Transcriptome changes in 22Rv1 and MCF7 cells after treatment with NONO ligands and controls

Warning: Pipeline descriptions and code snippets may be inferred or AI-generated. Use them only as a starting point to guide analysis, and validate before use.

Processing Steps

Generate Jupyter Notebook

For differential expression:

DESeq2 (Inferred with models/gemini-2.5-flash) v1.38.3 GitHub

$ Bash example

#!/bin/bash

# This script demonstrates a basic differential expression analysis using DESeq2.
# It assumes that count data (e.g., from Salmon, Kallisto, featureCounts) and sample metadata are available.

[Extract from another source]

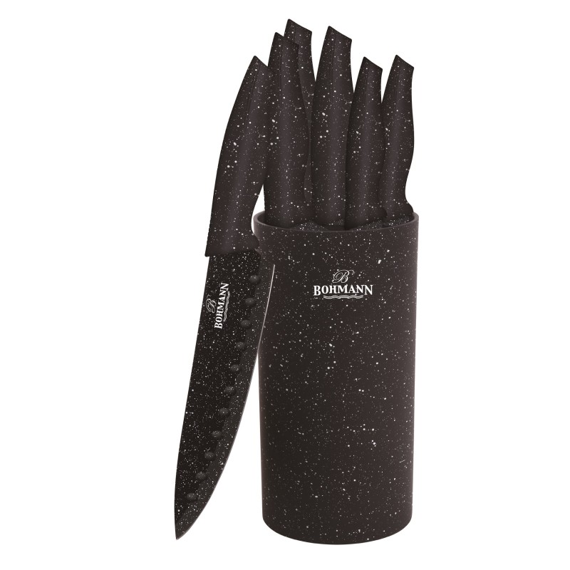 Set de cutite: 6 piese Bohmann, lame negre marmorate, stand rotund, negru

# --- Installation (commented out) ---
# To install R and DESeq2, you can use Bioconda:
# conda create -n deseq2_env r-base bioconductor-deseq2 r-tximport r-data.table r-dplyr r-ggplot2
# conda activate deseq2_env

# --- Placeholder Input Files ---
# In a real pipeline, 'counts.tsv' would be the output of a quantification step (e.g., Salmon, Kallisto, featureCounts).
# 'metadata.tsv' would be a user-provided file describing samples and experimental conditions.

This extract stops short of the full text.